I'm reading Achim Klenke's textbook on probability theory, and I've hit a road block in his proof that the strong law of large numbers (SLLN) implies the weak law of large numbers (WLLN).
Let $(X_n)_{n \in \mathbb N}$ be a sequence of real integrable random variables, and let $\widetilde S_n = \sum_{i=1}^n (X_i - \mathbb E[X_i])$, where $\mathbb E[X]$ is the expectation of the random variable $X$. The weak and strong laws of large numbers are:
- WLLN: $\displaystyle \lim_{n \to \infty} \mathbb P\left[ \left| \frac 1 n \widetilde S_n\right| > \epsilon\right]=0$.

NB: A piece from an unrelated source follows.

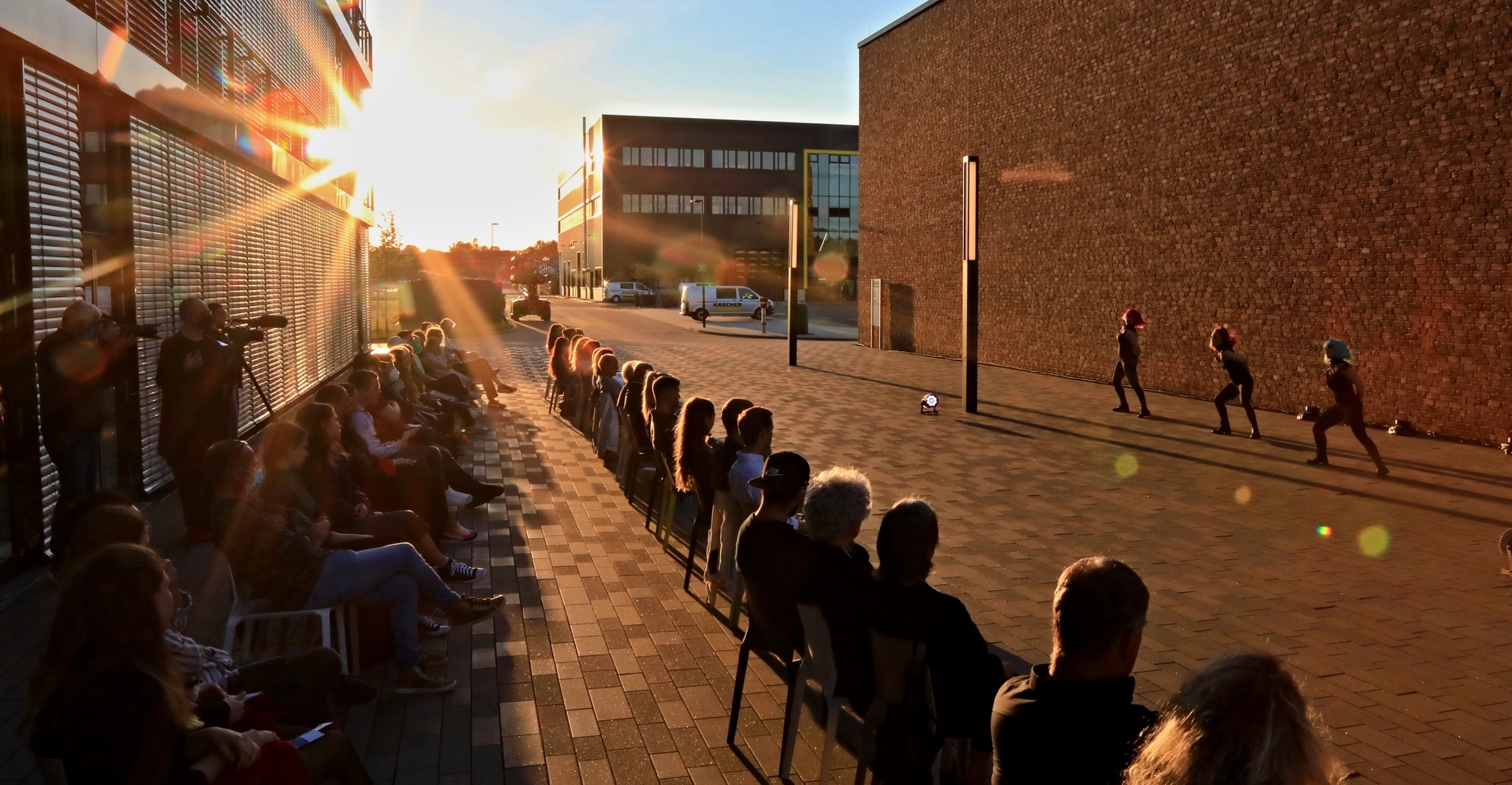 Geahnt haben wir es schon lange: Der Platz vor dem Kärcher-Auditorium ist wie eine Bühne mit seinen überdimensionalen, gelben Mohnblumen, seiner Retro-Backsteinmauer, dem Aufgang zur Brücke über die Schienen und den kleinen Fontänen neben dem Auditorium.
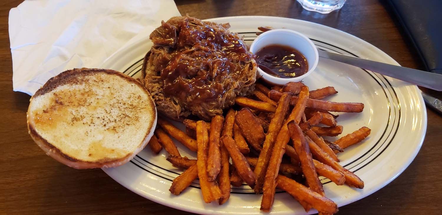 Unfortunately, once we got to the Grafton Ferry Landing, we discovered the ferry only runs Thursday-Sunday. Bummer. We were about halfway between St. Charles and West Alton. Our choices to get to Grafton were to go back to St. Charles and take the Golden Eagle Ferry and Brussels ferries through Calhoun County or drive the ten miles to West Alton to cross the river and then drive the fifteen miles west to Grafton. That would have put our spur-of-the-moment luncheon outing at another two hours. So instead, we decided to stop in the little town of Portage Des Sioux and have lunch at the only open restaurant, “Froges.”

- SLLN: $\displaystyle \mathbb P\left[ \limsup_{n \to \infty} \left| \frac 1 n \widetilde S_n\right|=0\right] = 1$.
For $\epsilon > 0$, Klenke defines the sets $A_n^\epsilon = \left\{ \left| \frac 1 n \widetilde S_n \right| > \epsilon\right\}$ and $A = \left\{ \limsup_{n \to \infty} \left| \frac 1 n \widetilde S_n \right| > 0 \right\}$, and states that $$A = \mathop\bigcup_{m \in \mathbb N} \limsup_{n \to \infty} A_n^{1/m},$$ and thus $\mathbb P\left[ \limsup_{n \to \infty} A_n^\epsilon\right] = 0$ for $\epsilon>0$. Then, by Fatou's lemma, \begin{align} \limsup_{n \to \infty} \mathbb P\left[A_n^\epsilon\right] &= 1-\liminf_{n \to \infty} \mathbb E\left[ \mathbb 1_{\left(A_n^\epsilon\right)^c}\right] \leq 1 - \mathbb E\left[\liminf_{n \to \infty} \mathbb 1_{\left(A_n^\epsilon\right)^c}\right] = \mathbb E\left[ \limsup_{n \to \infty} \mathbb 1_{A_n^\epsilon}\right] = 0. \end{align} My question: I understand this entire argument, except for the first equality in the above equation. Equivalently, what I'm trying to figure out is, why is $\limsup \mathbb P\left[A_n^\epsilon\right] = 1-\liminf \mathbb P\left[ \left(A_n^\epsilon\right)^c\right]$? Is this some general measure theory result that I'm not seeing?